Stored data entries
● ● ● ●

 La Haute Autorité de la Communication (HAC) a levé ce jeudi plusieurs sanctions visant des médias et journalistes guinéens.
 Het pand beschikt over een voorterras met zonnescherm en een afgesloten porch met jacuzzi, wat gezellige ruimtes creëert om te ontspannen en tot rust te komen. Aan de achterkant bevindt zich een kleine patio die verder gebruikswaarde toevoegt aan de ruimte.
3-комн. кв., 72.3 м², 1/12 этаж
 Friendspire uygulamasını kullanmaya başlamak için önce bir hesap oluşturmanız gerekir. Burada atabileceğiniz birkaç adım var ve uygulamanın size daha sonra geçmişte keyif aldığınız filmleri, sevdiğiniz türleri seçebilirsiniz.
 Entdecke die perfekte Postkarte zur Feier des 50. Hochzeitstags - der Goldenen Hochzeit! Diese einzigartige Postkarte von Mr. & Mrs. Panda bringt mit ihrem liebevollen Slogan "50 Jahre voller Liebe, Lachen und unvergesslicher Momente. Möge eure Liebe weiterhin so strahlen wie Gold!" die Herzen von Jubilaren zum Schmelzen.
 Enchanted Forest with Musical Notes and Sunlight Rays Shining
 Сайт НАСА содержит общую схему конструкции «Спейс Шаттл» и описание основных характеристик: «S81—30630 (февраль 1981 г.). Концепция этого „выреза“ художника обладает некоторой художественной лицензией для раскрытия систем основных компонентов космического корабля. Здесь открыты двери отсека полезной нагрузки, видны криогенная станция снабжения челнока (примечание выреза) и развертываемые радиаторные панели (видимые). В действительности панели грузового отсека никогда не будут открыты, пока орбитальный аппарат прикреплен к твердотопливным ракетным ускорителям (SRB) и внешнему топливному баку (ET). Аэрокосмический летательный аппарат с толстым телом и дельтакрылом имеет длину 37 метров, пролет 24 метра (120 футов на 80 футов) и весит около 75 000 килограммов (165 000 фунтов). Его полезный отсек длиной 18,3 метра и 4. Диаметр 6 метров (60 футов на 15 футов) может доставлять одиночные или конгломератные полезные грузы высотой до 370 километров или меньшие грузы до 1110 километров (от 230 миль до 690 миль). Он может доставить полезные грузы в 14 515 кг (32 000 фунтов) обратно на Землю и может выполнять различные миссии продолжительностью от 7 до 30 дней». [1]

● ● ● ●

# YOUR OBJECTIVE:
Beginning with the first line of the entries, repeat each line exactly until you have reproduced the one containing "Enchanted Forest with", and add nothing further.

# WRITTEN ANSWER:
 La Haute Autorité de la Communication (HAC) a levé ce jeudi plusieurs sanctions visant des médias et journalistes guinéens.
 Het pand beschikt over een voorterras met zonnescherm en een afgesloten porch met jacuzzi, wat gezellige ruimtes creëert om te ontspannen en tot rust te komen. Aan de achterkant bevindt zich een kleine patio die verder gebruikswaarde toevoegt aan de ruimte.
3-комн. кв., 72.3 м², 1/12 этаж
 Friendspire uygulamasını kullanmaya başlamak için önce bir hesap oluşturmanız gerekir. Burada atabileceğiniz birkaç adım var ve uygulamanın size daha sonra geçmişte keyif aldığınız filmleri, sevdiğiniz türleri seçebilirsiniz.
 Entdecke die perfekte Postkarte zur Feier des 50. Hochzeitstags - der Goldenen Hochzeit! Diese einzigartige Postkarte von Mr. & Mrs. Panda bringt mit ihrem liebevollen Slogan "50 Jahre voller Liebe, Lachen und unvergesslicher Momente. Möge eure Liebe weiterhin so strahlen wie Gold!" die Herzen von Jubilaren zum Schmelzen.
 Enchanted Forest with Musical Notes and Sunlight Rays Shining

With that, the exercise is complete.